:: Provided material ::

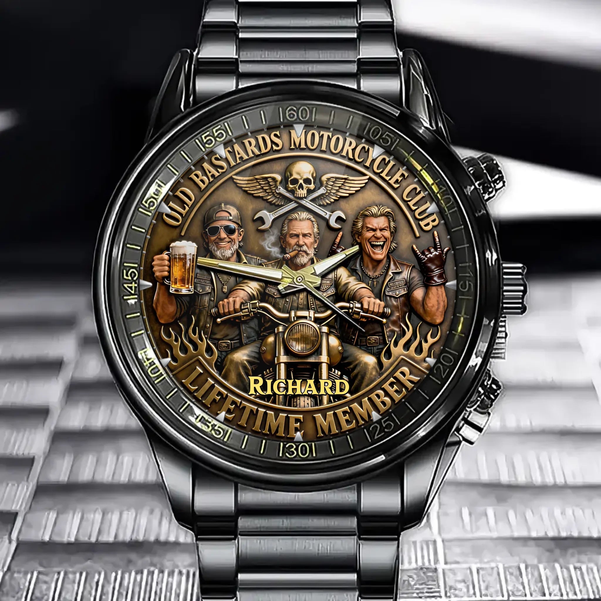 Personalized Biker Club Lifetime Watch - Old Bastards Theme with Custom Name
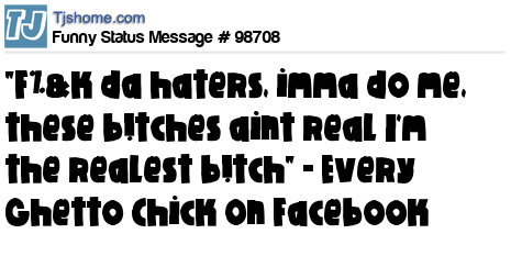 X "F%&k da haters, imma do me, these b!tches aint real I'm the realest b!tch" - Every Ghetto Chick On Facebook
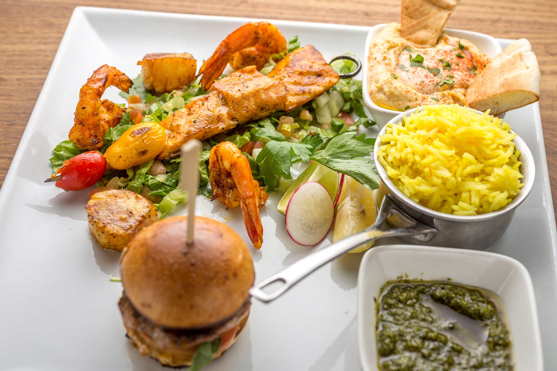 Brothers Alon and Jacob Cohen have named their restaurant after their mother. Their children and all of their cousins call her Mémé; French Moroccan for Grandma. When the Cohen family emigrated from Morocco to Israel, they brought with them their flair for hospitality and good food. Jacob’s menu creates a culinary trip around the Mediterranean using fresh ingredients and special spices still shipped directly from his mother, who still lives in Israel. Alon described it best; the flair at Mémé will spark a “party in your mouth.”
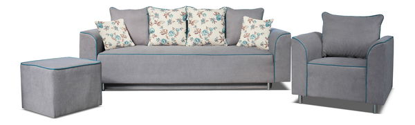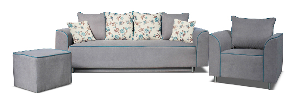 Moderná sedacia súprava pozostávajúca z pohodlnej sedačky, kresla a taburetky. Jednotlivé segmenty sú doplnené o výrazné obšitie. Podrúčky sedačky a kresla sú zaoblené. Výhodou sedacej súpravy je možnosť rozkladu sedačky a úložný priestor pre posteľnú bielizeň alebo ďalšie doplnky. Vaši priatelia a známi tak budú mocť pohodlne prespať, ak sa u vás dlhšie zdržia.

:: What this task involves ::
With the pictures left out, restate word for word every line of the data above, from the first down to the line that contains "Chick On Facebook".

:: Problem solution ::
 Personalized Biker Club Lifetime Watch - Old Bastards Theme with Custom Name
 X "F%&k da haters, imma do me, these b!tches aint real I'm the realest b!tch" - Every Ghetto Chick On Facebook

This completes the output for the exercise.